Reading this passage did make me think about maps, but it also spoke to me about other parts of life. I have heard many times the adage, "You make time for what matters", so let's take a look at our daily planners or the calendars we have hanging on the refrigerator. How often is quality time with family or friends written in? How much time each week is allocated to worship? If you wrote down the time spent in front of the TV or playing on an electronic device, would it totally fill your free time? Have you blocked out time for improving your physical health? Is there time each week for learning something new? Do you have any volunteer service penciled in? If someone else took a look at your calendar, could they see at a glance what you put in the center of your life?
As if that wasn't guilt-inducing enough, let's think about our thinking. What absorbs your thoughts? If you had a thought-o-meter, where would the needle point most often? Do you constantly think about your job, your money, your looks, your possessions, your importance in life? Do you continue to think about work even when you are relaxing with family or friends? They can tell, you know. Are your thoughts most often focused on self-pity, your trials and tribulations, how others have done you wrong -- the unpleasant things in your life?

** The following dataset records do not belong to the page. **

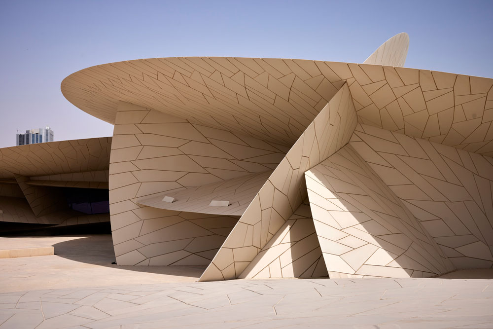 Last year, the National Museum of Qatar (NMoQ) celebrated its 50th anniversary. It has always been eye-catching. Built around the old Royal Palace, the museum won the Aga Khan Award for Architecture in 1980, setting a precedent for award-winning Qatari architectural projects. Of course, this is not the building that visitors see today. In 2015 work began on transforming the NMoQ to a new design by the French architect Jean Nouvel. His initial plan placed most of the museum underground, but this was scrapped in favour of the more striking building that now exists. Based on the structure of a ‘desert rose’, the intricate crystal formation of gypsum that naturally occurs in deserts, the museum is one of the most recognisable buildings in Doha.
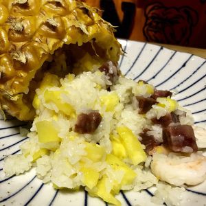 把糯米香肠丁还有菠萝肉混合在一起调味,少许盐味精和胡椒粉
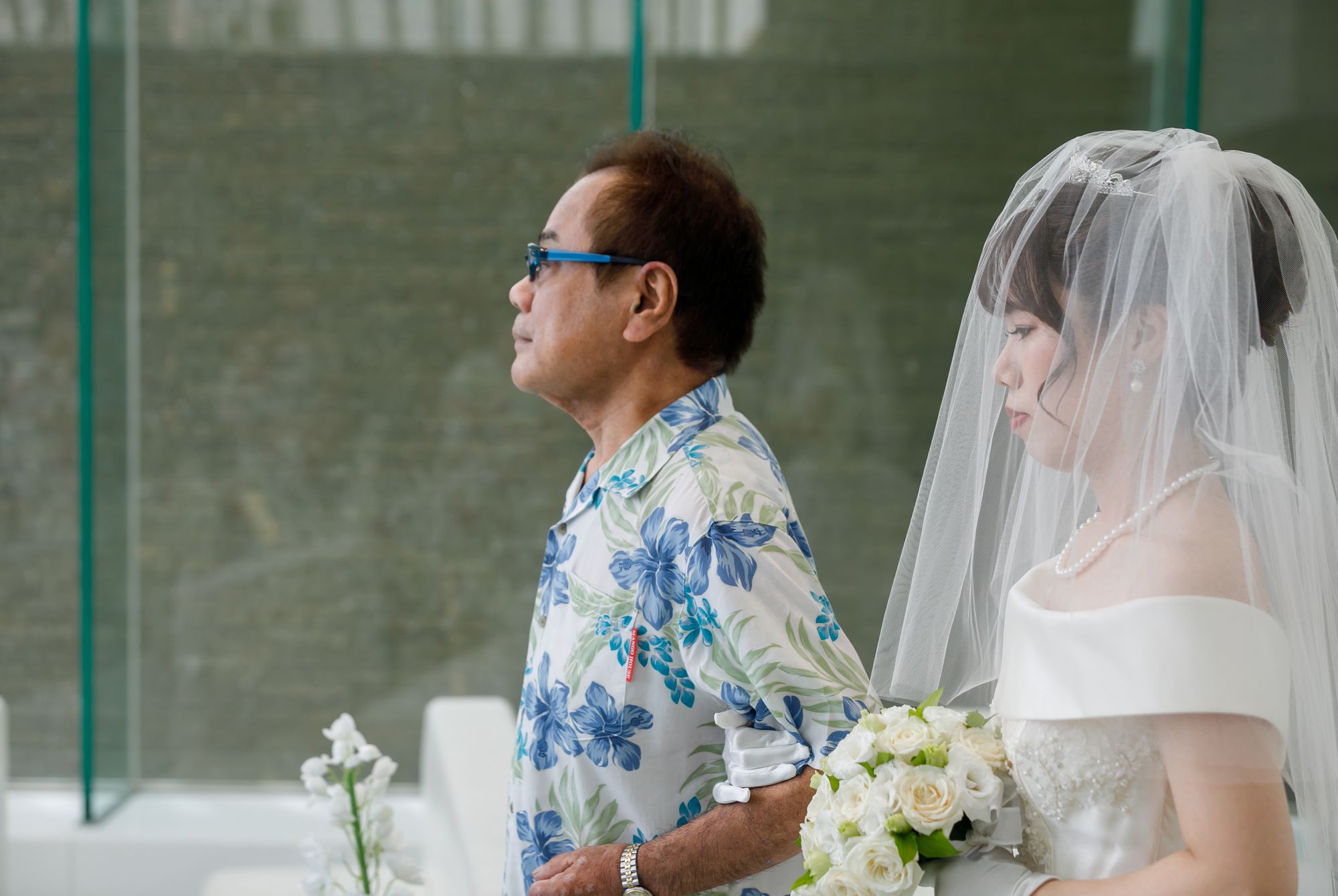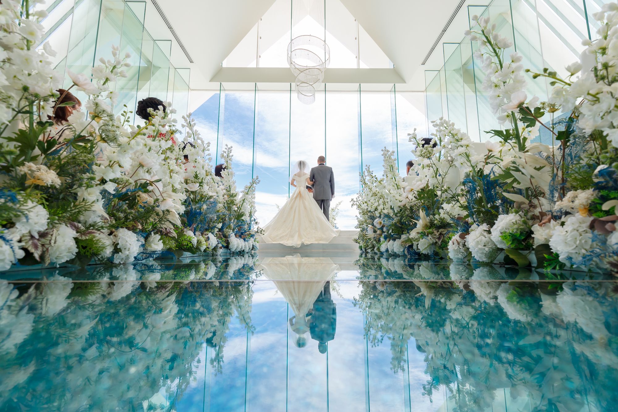 ベールダウンの後はお父様と共にブルーのバージンロードの上を
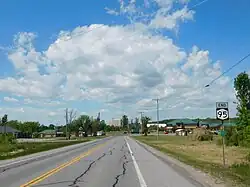 The origins of NY 95 date back to the early 1910s when the highway was improved to state highway standards by the state of New York as part of two separate projects. North of Bombay, the road was rebuilt as part of a contract let on February 18, 1910, that also covered part of what is now NY 37. It was added to the state highway system on November 28, 1910, as State Highway 820 (SH 820). The section between Moira and Bombay was reconstructed under a contract awarded on March 22, 1911, and accepted as a state highway on September 16, 1913, as SH 885. Both numbers are unsigned.[4] In the 1930 renumbering of state highways in New York, NY 95 was assigned to an alignment extending from Saint Regis Falls in the south to the vicinity of Hogansburg in the north. North of Moira, the route was overlaid on SH 885 and SH 820.[2][5] NY 95 was truncated to US 11 in Moira c. 1937,[6][7] and its former alignment south to Saint Regis Falls is now maintained by Franklin County as CR 5.[8][9]
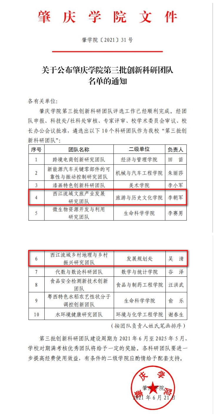西江流域文旅产业发展研究团队、吴清博士领衔的西江流域乡村地理与乡村振兴研究团队获评。本次获奖,实现了我院科研团队建设的新突破,为我院旅游、地理专业科研发展奠定了坚实基础。
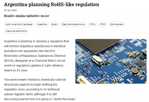 2020年6月24日,阿根廷宣布正在計(jì)劃制定一項(xiàng)限制電子電氣設(shè)備中有害物質(zhì)的法規(guī), 類似于歐盟的RoHS。根據(jù)技術(shù)專家的意見,當(dāng)局近期或?qū)㈤_始起草此法規(guī)。

That shows on your face (and it is not pretty). Likewise, if your thoughts are most often concerned with the good things in your life (counting your blessings, so to speak), that shows on your face as well. Your thoughts are a sure indicator of what you have put in the center of your life.
Ditto for your words -- they are just thoughts with a voice. What does your conversation reveal about what is at the center of your life?
Lest you think I am feeling "holier-than-thou", rest assured that what I am writing is very convicting for me as well. I need to examine my own calendar, my own thoughts, my own words to see what I have put at the center of my life. I'm afraid I will not be pleased by the conclusions I must draw. I feel the need to make a plaque for my wall so I can see it every day:
What you put in the center impacts everything else.
*The passage (in a book called A More Beautiful Question by Warren Berger) is a quote from Deborah Meier, a revolutionary educator who founded the Central Park East schools in Harlem in the 1970s. Meier was talking about the importance of what you put in the center of the curriculum in schools, but the words spoke to me about life in general.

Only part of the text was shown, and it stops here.